Challenges in Battling with Iron Deficiency by Ferritin

Chenyan LV and Guanghua Zhao*

College of Food Science and Nutritional Engineering,China Agricultural University, China

*Corresponding author: Guanghua Zhao, College of Food Science and Nutritional Engineering, China Agricultural University, CAU & ACC Joint-Laboratory of Space Food, Beijing Key Laboratory of Functional Food from Plant Resources, Beijing 100083, China

Received: March 27, 2015; Accepted: May 05, 2015; Published: May 20, 2015

Abstract

Iron deficiency is still a public health problem all over the world. Ferritin as a member of the superfamily of iron storage and detoxification proteins is being explored as a novel and natural strategy for iron supplementation. For some reasons, the bioavailability of ferritin iron has not been fully understood.
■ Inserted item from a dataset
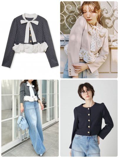 ボウタイとペプラムは取り外し可能なので、シンプルなジャケットとしても活用できます。コンパクトなサイズ感なので、どんなボトムにも合わせやすく、スタイルアップが期待できそう!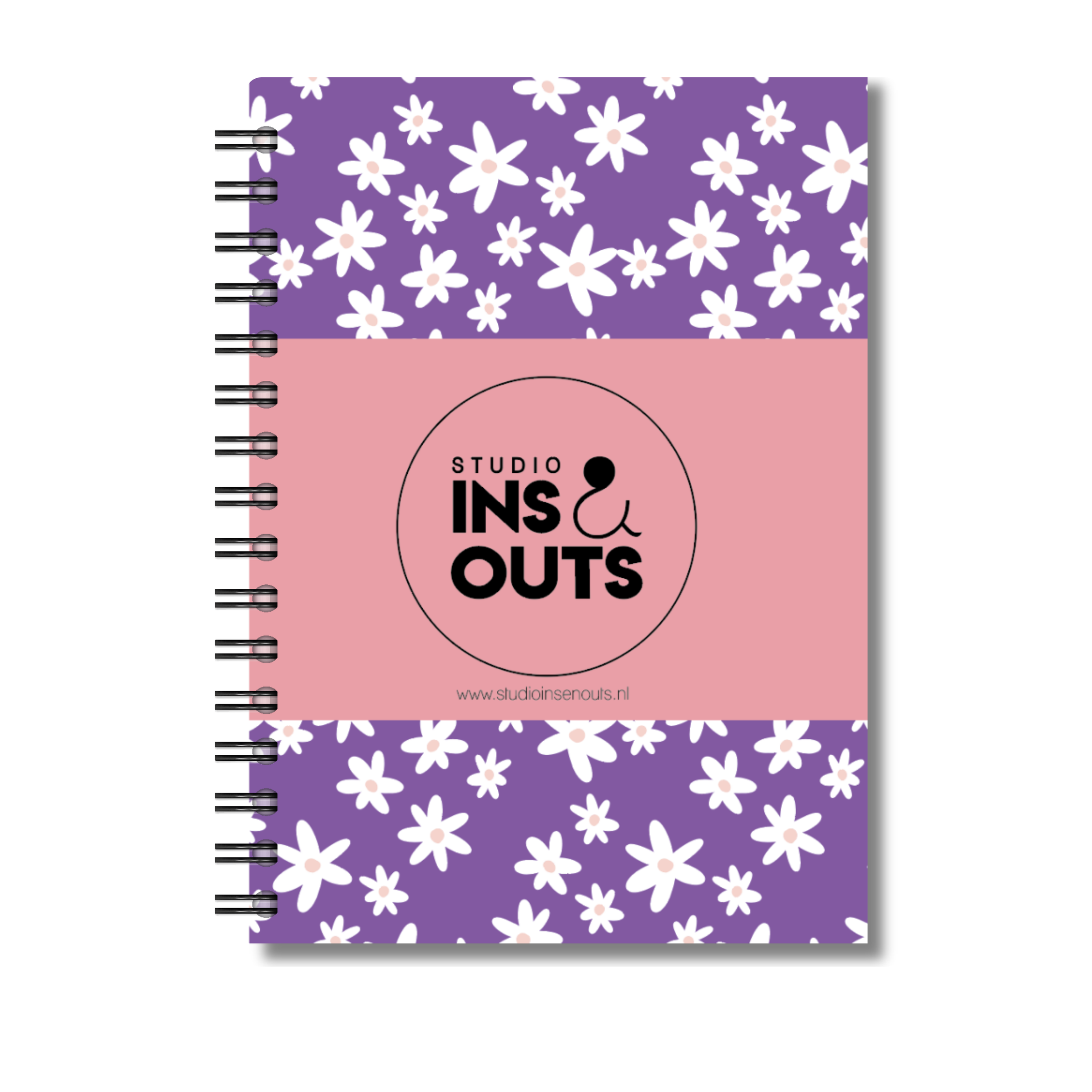 Bullet Journal A5 Op Maat | Bujo Eigen Tekst | Gepersonaliseerd Notitieboek Dots | A5 - 14,9x21cm | Paars Met Witte Bloemetjes

This article discusses about the possibility of ferritin iron to combating iron deficiency and the confused questions encountered during the research. To study the digestive stability of ferritin in vivo and explore appropriate evaluation methods can help solve the questions. The putative receptors for ferritin uptake are the focus of this research as well. However, there is little knowledge on the receptor characterization and purification. Developing related receptor screening methods is essential for exploring ferritin as an efficient functional factor for iron supplement.
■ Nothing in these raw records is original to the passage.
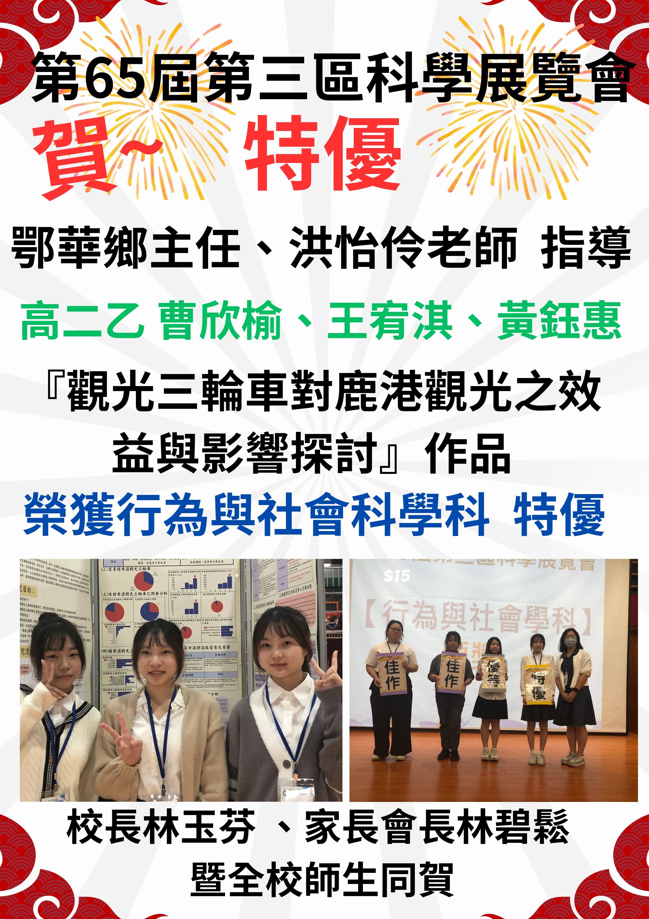 「觀光三輪車對鹿港觀光之效益與影響探討」 榮獲 「行為與社會科學科」特優獎,為本校爭光,展現優秀的科研素養與社會關懷。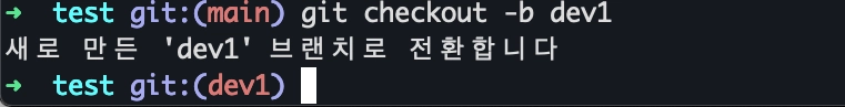 1) dev1 라는 브랜치를 새로 생성함과 동시에 그곳으로 브랜치를 이동하는 명령을 실행해보겠습니다.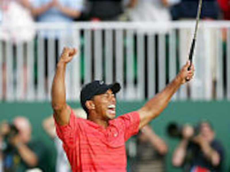 Els had a two-putt birdie on the par-5 fifth to join Woods at 13 under, but that didn't last long. Woods threaded an iron up the front of the fifth green to 25 feet, then raised his putter aloft in his left hand when the eagle putt fell.

Keywords: Iron deficiency; Ferritin; Receptors; Endocytosis

Abbreviations

TfR1: Transferrin Receptor 1; IDA: Iron Deficiency Anemia; Tf: Transferrin; DMT1: Divalent Metal Transporter 1

Introduction

Iron is an essential micronutrient for the growth, development and functioning of the plants, animals and human. Under physiological conditions, there is a balance between iron absorption, iron transport and iron storage in human body [1]. Iron deficiency anemia (IDA) is derived from increased iron requirements, limited external supply and increased blood loss, which is still a major public health problem in the world. This problem remains one of great significance in early childhood as well as in menstruating and pregnant women. Nutritional iron is generally classified as two types: heme iron of animal origin and nonheme iron of plant origin. The former is absorbed as stable porphyrin complex unaffected by other food components such as phytates and tannins. However, recent studies on heme iron from red meat indicated that higher dietary intake of heme iron is associated with an increased risk of cardiovascular disease [2]. In contrast, an iron form plant source is present in a nonheme form. Unfortunately, nonheme iron compounds with small molecular weights were found to be easily altered by dietary factors such as phytic acids and polyphenols [3]. This is mainly because these dietary factors are capable of capturing the nonheme iron from the plant sources, forming insoluble compounds in the intestinal lumen, finally resulting in inhibition of iron absorption [4]. One promising approach to fighting iron deficiency is to find new functional factors for iron supplement that overcome the abovementioned shortcomings, e.g., ferritin. Challenges for ferritin as iron supplements are as follows: the digestive stability of ferritin, effects of food components, and the putative receptors at cell surface.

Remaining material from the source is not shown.